→ **What you are asked to do**
Beginning at the line that holds "In 10K yellow" and continuing to the last line of the data below, transcribe every line word for word, without pictures.

[Collected material Boundary: Start]

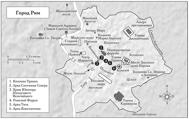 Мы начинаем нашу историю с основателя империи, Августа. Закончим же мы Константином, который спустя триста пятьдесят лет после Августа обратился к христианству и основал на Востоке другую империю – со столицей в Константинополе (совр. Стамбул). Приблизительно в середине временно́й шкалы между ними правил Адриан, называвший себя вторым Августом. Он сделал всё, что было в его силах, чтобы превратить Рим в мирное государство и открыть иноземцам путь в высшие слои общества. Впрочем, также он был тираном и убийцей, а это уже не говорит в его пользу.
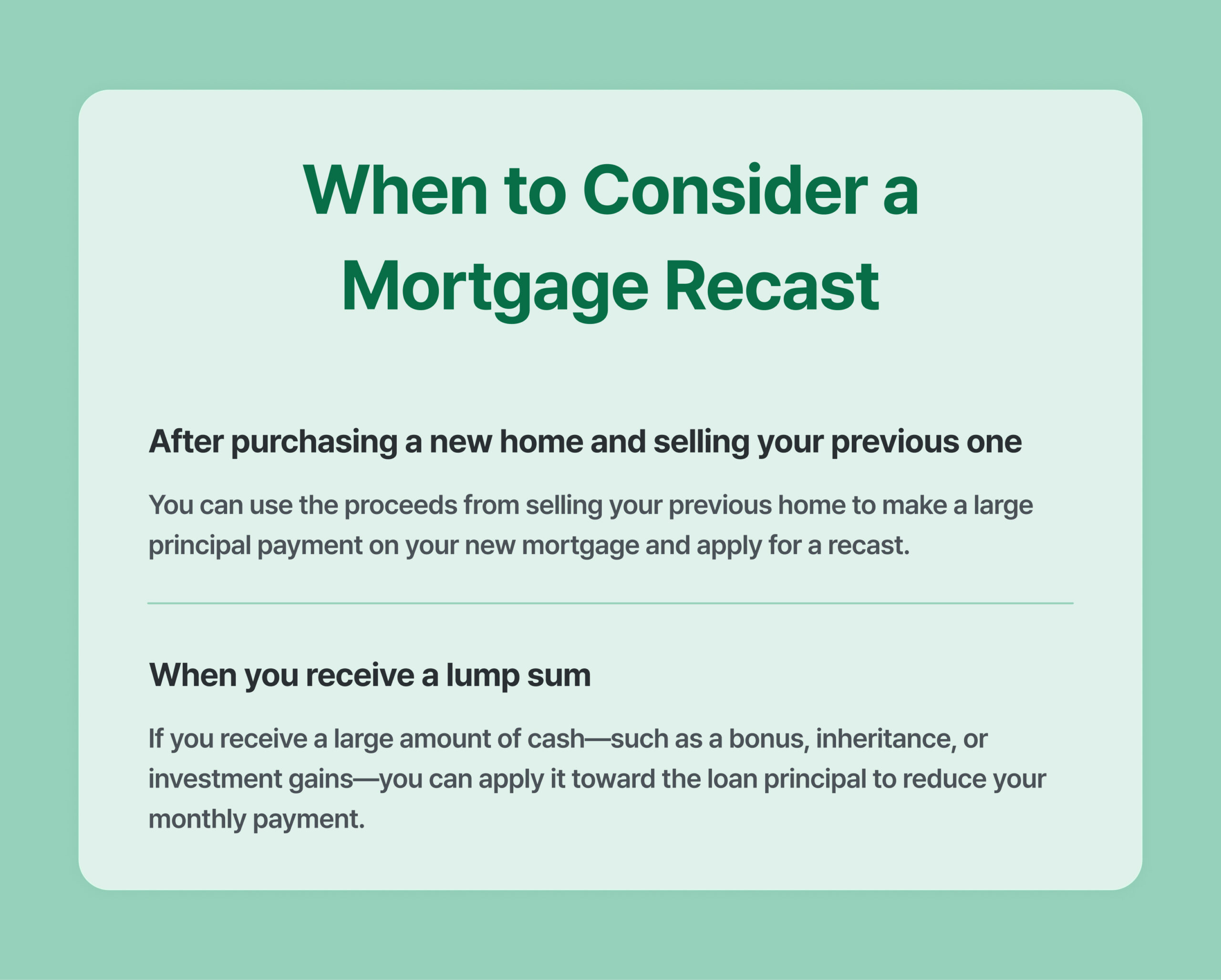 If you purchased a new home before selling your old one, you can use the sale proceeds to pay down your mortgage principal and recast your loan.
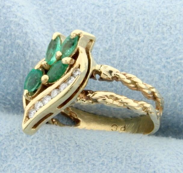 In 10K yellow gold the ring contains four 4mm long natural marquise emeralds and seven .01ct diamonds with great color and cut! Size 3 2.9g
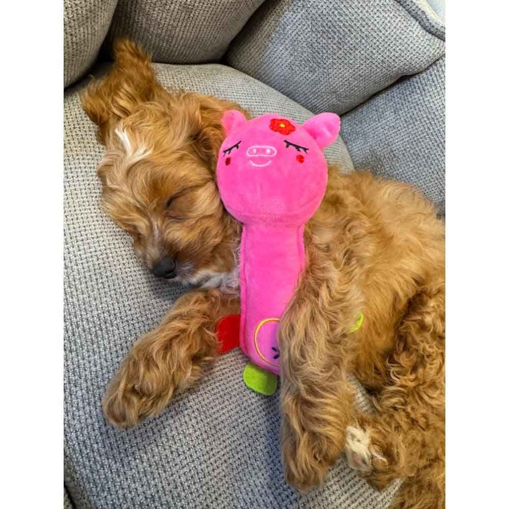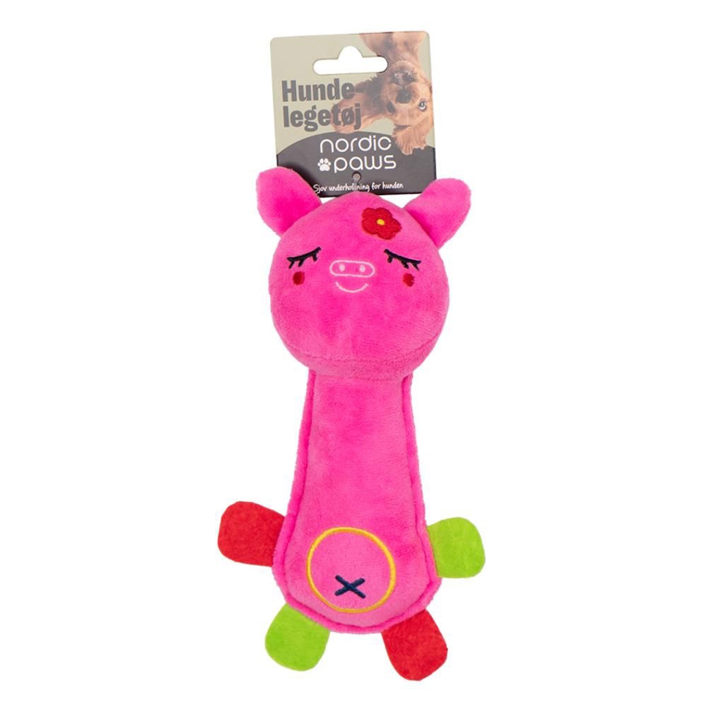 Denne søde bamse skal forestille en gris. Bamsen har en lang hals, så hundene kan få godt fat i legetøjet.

[Collected material Boundary: End]

→ **Answer section**
 In 10K yellow gold the ring contains four 4mm long natural marquise emeralds and seven .01ct diamonds with great color and cut! Size 3 2.9g
 Denne søde bamse skal forestille en gris. Bamsen har en lang hals, så hundene kan få godt fat i legetøjet.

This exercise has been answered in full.